Cerularius, having at last been persuaded by the Emperor or— more probably—by Bishop John of Trani how much was at stake, seems, however reluctantly, to have made a genuine effort to heal the breach; and Leo would have been well-advised to overlook being addressed as 'Brother' instead of 'Father' and other similar little pinpricks and let the matter rest. But he was tired and ill; and encouraged by Cardinal Humbert, who throughout the events which were to follow showed himself to be every bit as waspish and bigoted as the Patriarch, he determined to make no concessions. He therefore agreed that papal legates should be sent to Constantinople to thrash the whole question out once and for all, and allowed Humbert to draft two more letters in his name for these legates to deliver. The first of these, to Cerularius, addressed him as 'Archbishop', which was at least one degree politer than before; but it was otherwise quite as aggressive as its predecessor, being concerned less to defend the Latin usages themselves than to attack the Patriarch's presumption in questioning them in the first place.
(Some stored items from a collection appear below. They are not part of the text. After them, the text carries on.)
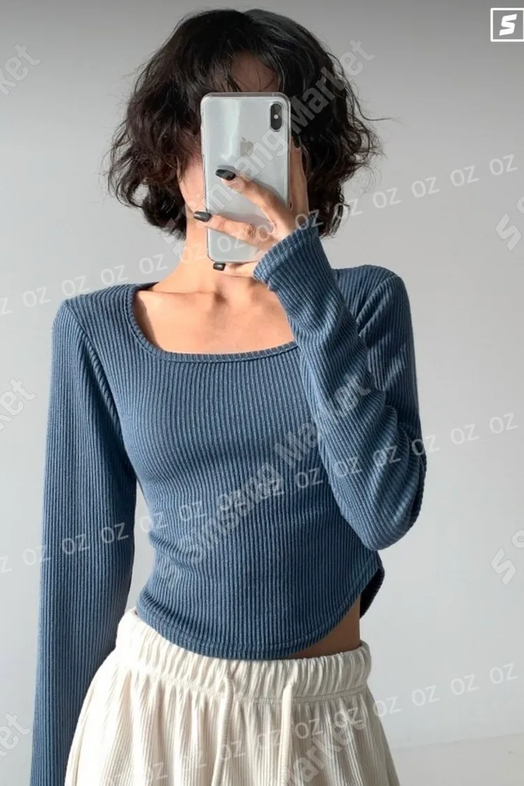 日常下圓弧坑條短版上衣
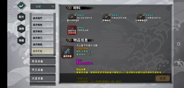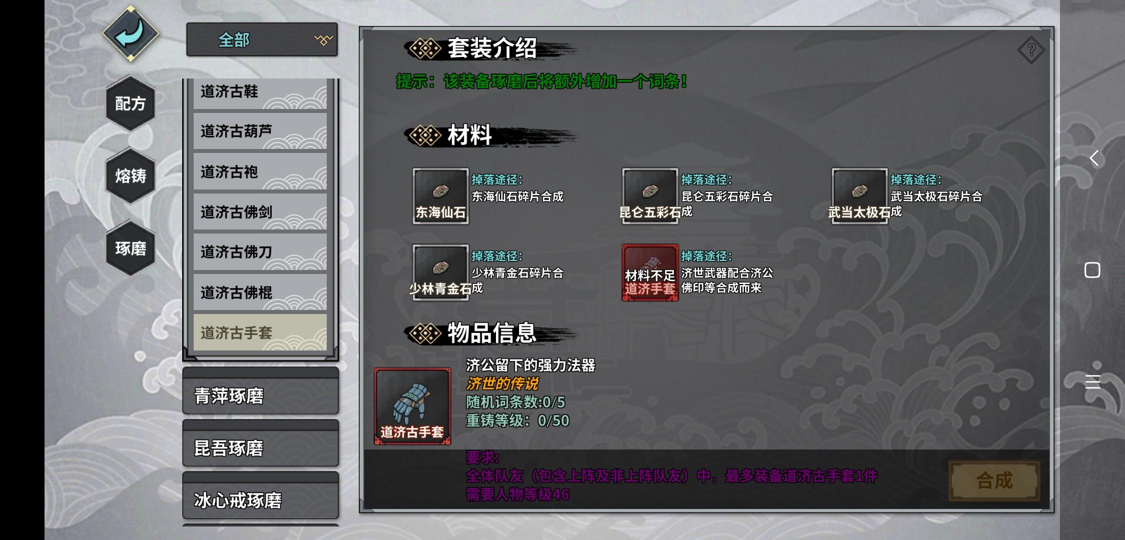 大佬们,求助😭关于装备合成这一块有个问题想请教一下:比如说以合成道济手套为例,我合成了道济手套(满词条),我拿着这个满词条的手套合成济世手套时,合成出来的济世手套是不是满词条的?还有如果我拿的是满词条的济世手套去琢磨,那琢磨出来的道济古手套是不是满词条的,还是说也是随机词条数?
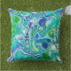 Blauwe en groene marmervochtige kunst Abstract Buitenkussen
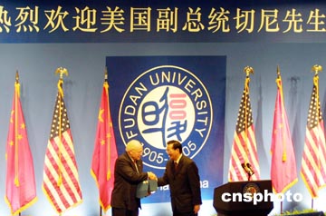 針對美國向臺灣出售武器的情況,復(fù)旦大學(xué)的學(xué)生向切尼發(fā)問:美國會采取什么樣的行動真正恪守“一個中國”的原則,并且反對“臺獨”?
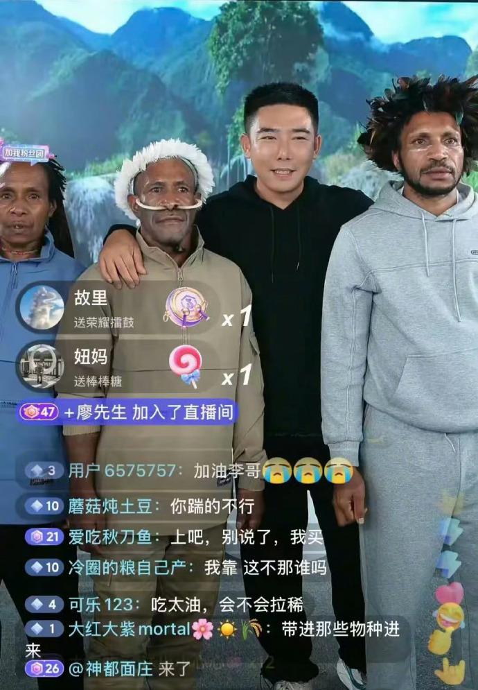 因此,我也只能把梦想寄托在别人身上。而最近,也确实有一位 " 业内人士 " 出现在了我的视野里,并且我还不得不承认,他可比明道 " 厉害 " 多了——毕竟,这哥们从原始丛林带回来了 " 原始部落 ",还让原始部落穿上了鸿星尔克,站在了直播间公开带货。
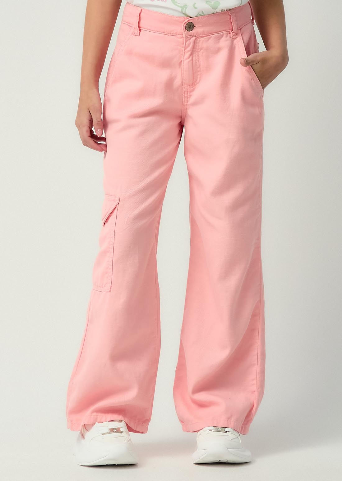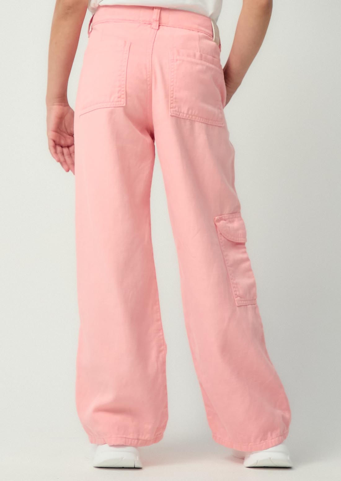 Pantalón tiro alto, color rosa pastel, bolsillos funcionales, elástico en cintura y fondo entero para niñas.

It also reprimanded him for having pretensions to oecumenical authority—which was probably due to a mistake in the Latin translation of his letter—and suggested that his election had been uncanonical, an accusation which was not remotely justified. Leo's second letter was to the Emperor and was, as we have seen, largely devoted to political affairs, in particular his determination to continue his war against the Normans. Nevertheless it carried a sting in its tail; the last paragraph contained a vehement protest against the Orthodox Patriarch's 'many and intolerable presumptions ... in which if, as Heaven forbid, he persist, he will in no wise retain our peaceful regard'. Perhaps to soften the effect of this veiled threat, the Pope concluded with a commendation of the legates whom he would shortly be sending to Constantinople. He hoped that they would be given every assistance in their mission, and that they would find the Patriarch suitably repentant.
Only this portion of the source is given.